Xolani's Daily Comment

How long can government delay civil servants' demands?

Public sector unions are demanding a fifteen percent salary increase and I see that our finance minister Nhlanhla Nene is trying to impress upon public sector unions that their opening salary increase demand of fifteen percent is way out of line, is unaffordable and that well above inflation increases will come at the cost of jobs.

He is quoted in a newspaper article as saying " I have always been saying that if we settle for anything more than 1 percent above inflation at public sector wage talks that would compromise the headcount. We are committed to maintaining a moderate increase in headcount but also in the wages.

Now the problem with this statement is that it actually understates the nature of the problem.

And the understatement may not necessarily be a mistake. It is part of political expediency where the ANC government is prepared to accommodate unions and their demands even though it is obvious that state coffers can't anymore.

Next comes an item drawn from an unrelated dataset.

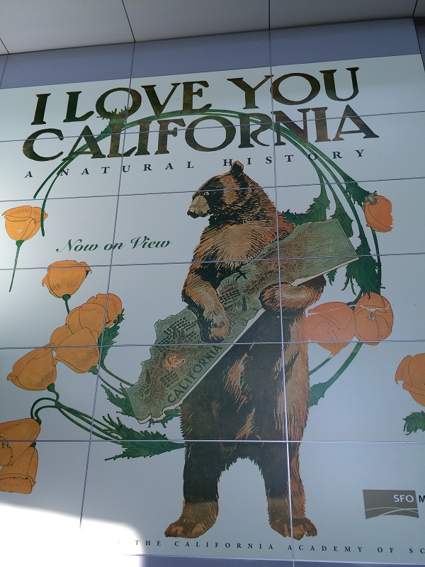 Here’s a bear – I am sure a California grizzly bear* – holding the State of California in its paws. The flowers are California poppies, the State flower. (There is little natural history exhibit on display in the International Terminal at San Francisco airport).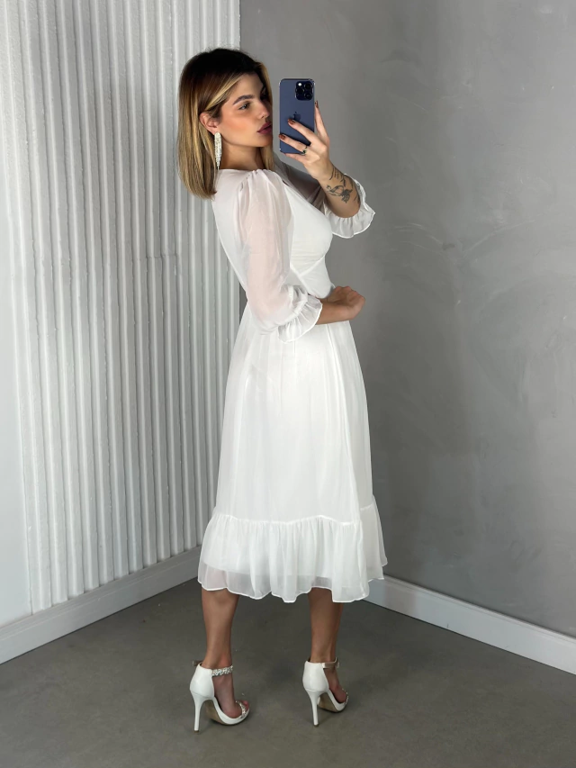 O decote em V, sem bojo, valoriza o colo com naturalidade, enquanto a costura logo abaixo dos seios define a silhueta de forma sutil. As mangas 3/4 trazem um ar romântico e delicado, complementando o design com sofisticação, e a barra com babados adiciona leveza ao movimento. A cintura marcada desenha a figura da noiva, enquanto a saia evasê com babados na barra proporciona um caimento solto e elegante, conferindo liberdade para os movimentos.

And there's imperial evidence to show this.

According to research by professor Jannie Rossouw head of Wits University's School of economic and Business Sciences conducted with Unisa's Adele Geldenhuys and Fannie Joubert..and published in 2012 and 2014..Between 2005 and 2012 total employment in central and provincial government rose 27 percent.

These employees' average annual per capita remuneration doubled in that period.

Between 2008 and 2012, total state employment rose by 13 percent, but the remuneration bill went up 76 percent.

The financial mail is quoting Rossouw and his colleagues as referring to the South African version of a fiscal cliff - that is the danger that the South African government might run out of income to cover growing government expenditure. They compare expenditure on social grants and civil service remuneration since 2008 with government revenue over the same period. Social grants as a proportion of total government revenue rose from 12,6 percent in 2008 to 14,2 percent in 2012. In the same period, the total civil service remuneration bill increased from 31,7 of revenue to 42.2 percent. Combined, grants and remuneration went up from 44,3 percent of revenue to 56,4 percent. That leaves just 43,6 percent for everything else..education, health, roads etcetera..

Completely unsustainable.

The problem is this is not about to stop. The unions are unlikely to drop their demand from 15 percent. And government does not have the moral authority to persuade them to. As long they can point to Nkandla and millions of rands that are paid how public funds are used.

Which makes talk of social compact even more difficult and almost impossible.

Government has got to be able to demonstrate to the workers that if they delay their demands, the money which would have gone towards their salaries is being used effectively - to improve the country so all South Africans can benefit.